• Task to complete: Set down, word for word, only the lines from the start of the records through the line bearing "Hsing Star vase"; include no pictures.

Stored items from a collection
>>>>
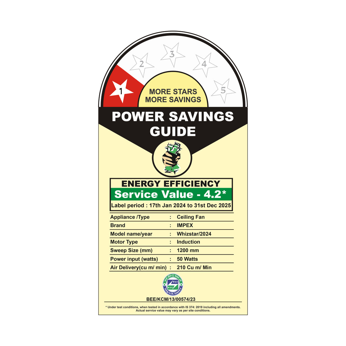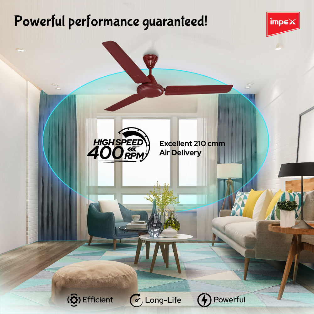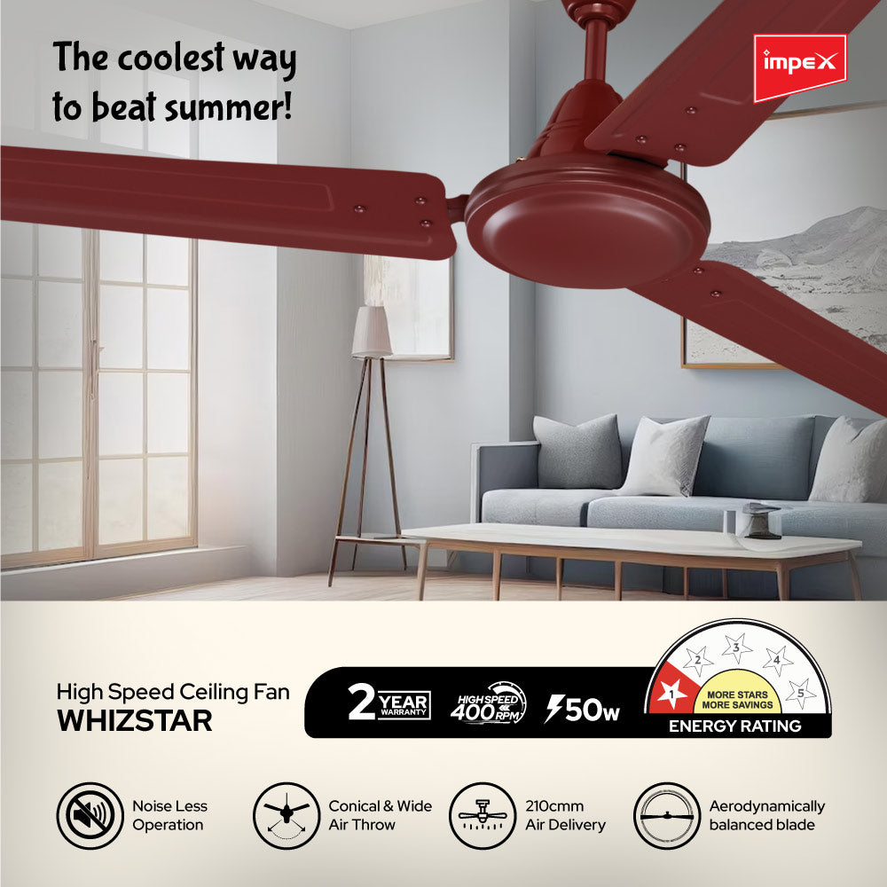 Impex introduces you WHIZSTAR CHERRY BROWN High-Speed Ceiling Fan, It has a high speed 400 Rpm. The ceiling fan is vibration free, therefor you will not hear a sound during the time of operation. It has an excellent and attractive design which suits your room as your wish.
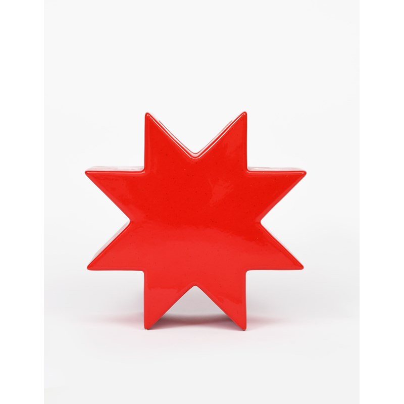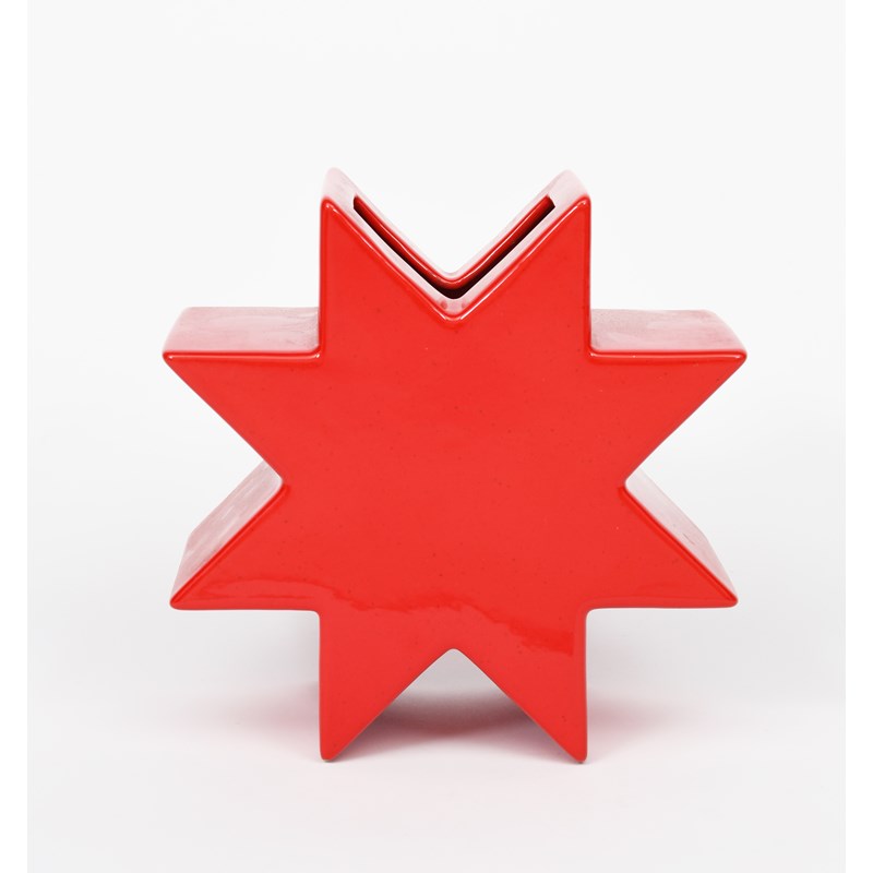 Hsing Star vase designed by Ettore Sottsass for Anthologie Quartett, red enamelled ceramic vase, painted and printed marks, no.323, 17.5cm. high
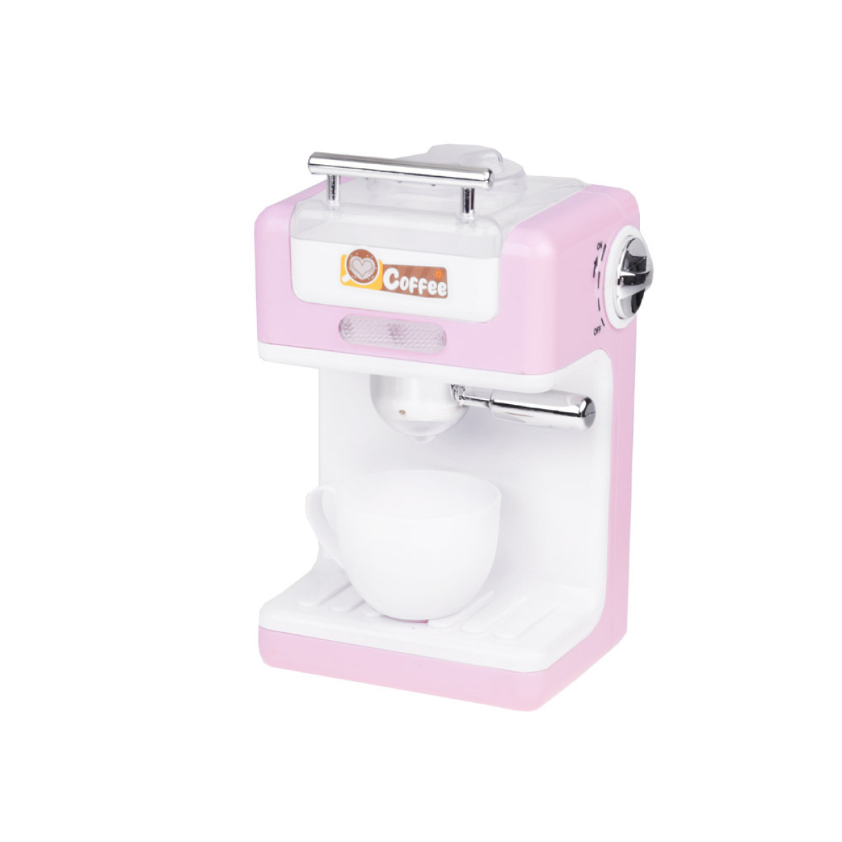 Elegantiškas kavos aparatas įjungiamas ratuku. Pasukus ratuką, girdimas veikimo garsas, o priekyje esanti švieselė užsidega raudonai. Aparatas turi sukiojamą kolbą ir patogų skyrelį papildams. Rinkinyje taip pat yra plastikinė balta puodelė. Maitinimas: baterijos 2 x AAA (nėra rinkinyje).
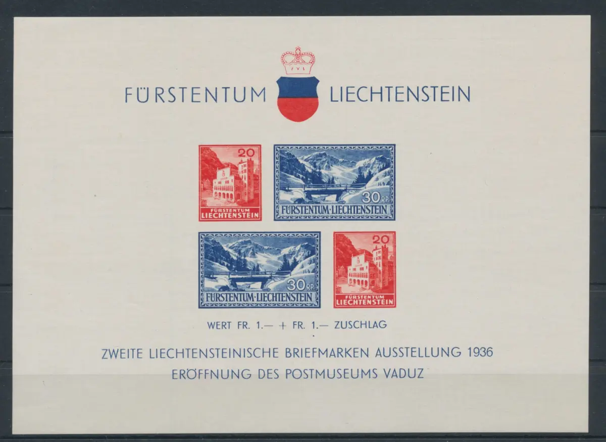 1936 Liechtenstein, Bf Nr. 2. Vaduz-Ausstellung und Eröffnung des Postmuseums NMH** Einheitskatalog Euro 90,00 Auslandskarton
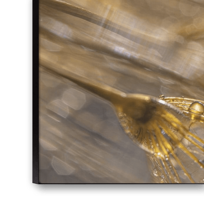 Cette photo "Duvet d'or avec des gouttelettes qui scintillent dans la lumière" ; est une photo macro d'une petite partie du bulbe duveteux d'un Tragopogon. (Aux Pays-Bas, le Tragopogon est également appelé Morgenster).
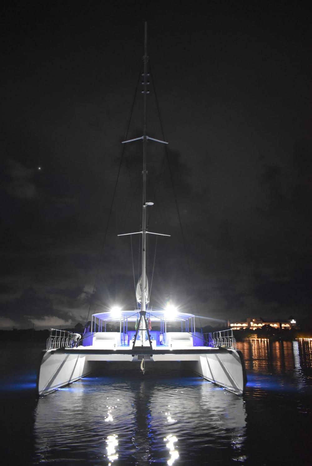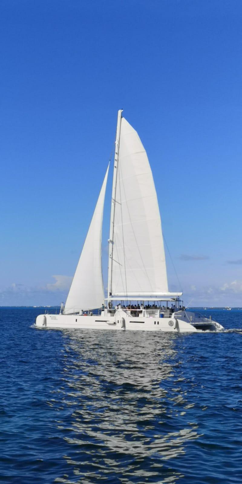"Sea Compass 82" Catamaran in Cancun, Quintana Roo, Mexico. The Sea Compass 82 is designed having in mind the perfect balance between comfort and safety, creating a unique experience that centers around innovation, elegance, spaciousness, and superb quality. The mission is to create one of the best experiences a catamaran vessel can offer, satisfying the expectations of each of our clients and their guests. Designed by a high-end charter company with an experience of over 12 years in Hawaii and Cancun, this vessel meets a unique degree of craftsmanship with luxurious finishes and premium materials designed to withstand the test of time and weather conditions. Open bar on board this Catamaran (Alcoholic beverages available after snorkeling) · Buffet lunch at the Beach Club etc.. The perfect vessel to charter. This 2020 Sea Compass 82 is ready to be sold and ready for the next adventure. Capacity 154.
<<<<
• Response to this exercise:
 Impex introduces you WHIZSTAR CHERRY BROWN High-Speed Ceiling Fan, It has a high speed 400 Rpm. The ceiling fan is vibration free, therefor you will not hear a sound during the time of operation. It has an excellent and attractive design which suits your room as your wish.
 Hsing Star vase designed by Ettore Sottsass for Anthologie Quartett, red enamelled ceramic vase, painted and printed marks, no.323, 17.5cm. high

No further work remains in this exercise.